200 years ago text was much more expensive, and more people memorized sayings and poems and quotations. Now text is cheap, and we rarely quote.

sesm 7 hours ago||
Vibe coding is actually a brilliant MLM scheme: people buy tokens to generate apps that re-sell tokens (99% of those apps are AI-something).
bredren 3 hours ago||
The models are not well trained on bringing products to market.

And even “product engineers” often do not have experience going from zero to post sales support on a saas on their own.

It is a skill set of its own to make product decisions and not only release but stick with it after the thing is not immediately successful.

The ability to get some other idea going quickly with AI actually works against the habits needed to tough through the valley(s).
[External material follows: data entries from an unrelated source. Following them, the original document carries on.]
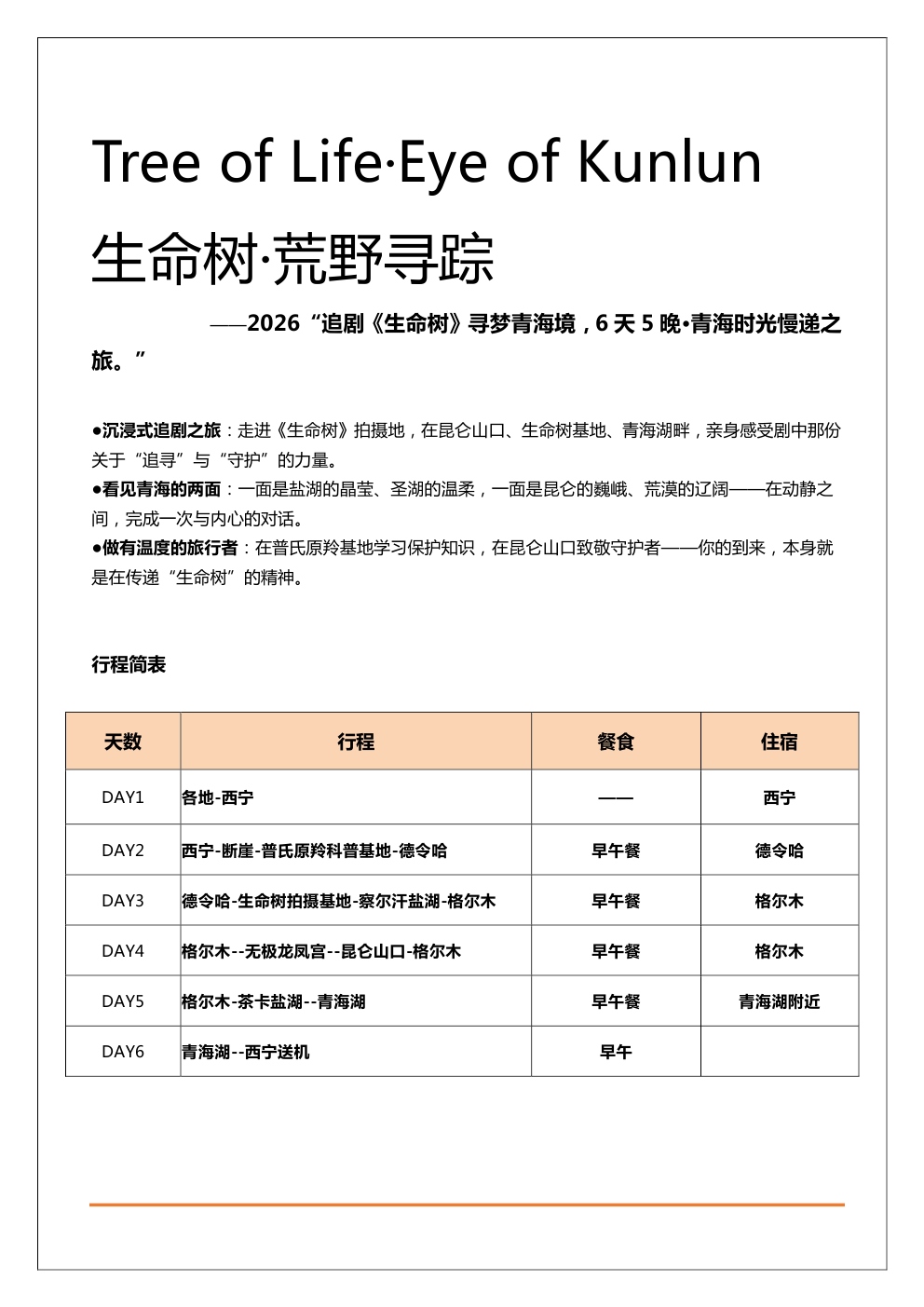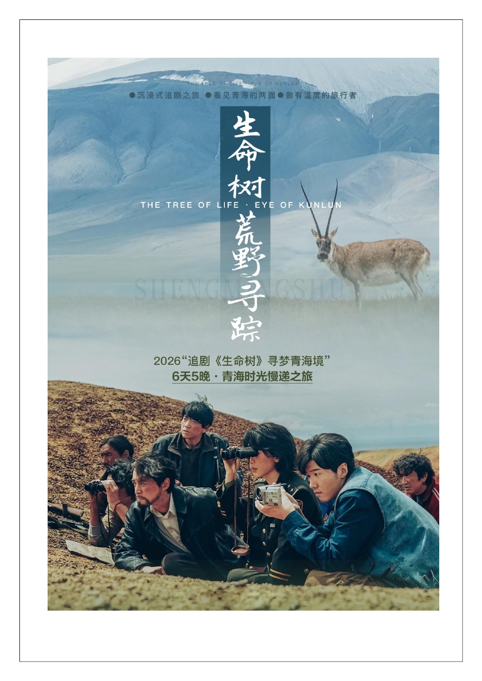 ●沉浸式追剧之旅:走进《生命树》拍摄地,在昆仑山口、生命树基地、青海湖畔,亲身感受剧中那份关于“追寻”与“守护”的力量。·看见青海的两面:一面是盐湖的晶荤、圣湖的温柔,一面是昆仑的巍峨、荒漠的辽阔--在动静之间,完成一次与内心的对话。做有温度的旅行者:在普氏原羚基地学习保护知识,在昆仑山口致敬守护者--你的到来,本身就是在传递“生命树”的精神。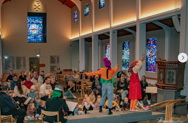 Þá koma myndir frá barnadagskránni, fyrst frá Raddleikhúsi barna, þá tómatskúlptúr og loks kórónum frá gluggum Gerðar Helgadóttur.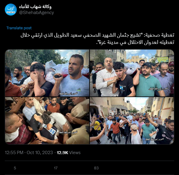 Press coverage: "The funeral of martyred journalist Saeed al-Tawil, who was killed while covering the occupation's aggression in Gaza City, is being held."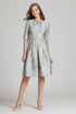 This Teri Jon jacquard dress features a flattering A-line silhouette with elegant 3/4 sleeves, crafted from platinum jacquard fabric with intricate metallic detailing. Its sophisticated design and neutral tones make it an excellent choice for daytime weddings throughout the year, combining style and versatility with affordability.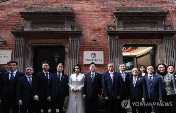 1月7日,在上海,韩国总统李在明(左六)和夫人金惠景(左五)到访大韩民国临时政府旧址。李在明在此处出席上海大韩民国临时政府设立100周年纪念仪式。韩联社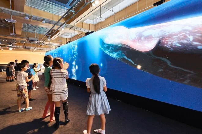 館内には先端技術を使った、ここにしかないコンテンツが目白押し! 中でも注目すべきは、幅14.5m、高さ2.5mの巨大高精細LEDディスプレイ「メディアウォール」。スケールの大きなCG映像が次々と投影され、子どもたちの好奇心を刺激します。一番人気のプログラムは函館らしく「イカの群れ」。楽しい仕掛けで水中を泳ぐイカの群れを自由に操作できます。

happyPersonR 7 hours ago||
This is going to cause people to react, but I think those of us that truly love opensource don't push AI generated code upstream because we know it's just not ready for use beyond agentic use. It's just not robust for alot of use common use cases because the code produces things that are hyper hardcoded by default, and the bugs are so basic, i doubt any developer that actually cared would push something so shamefully sloppy upstream with their name on it.

The tools for generating AI code aren't yet capable of producing code that is decent enough for general purpose use cases, with good robust tests, and clean and quality.

tantalor 7 hours ago|
Where are they? Well they aren't being uploaded to PyPI. 90% of the "AI apps" one-off scripts that get used by exactly one person and thrown away. The rest are too proprietary, too personal, or too weird to share.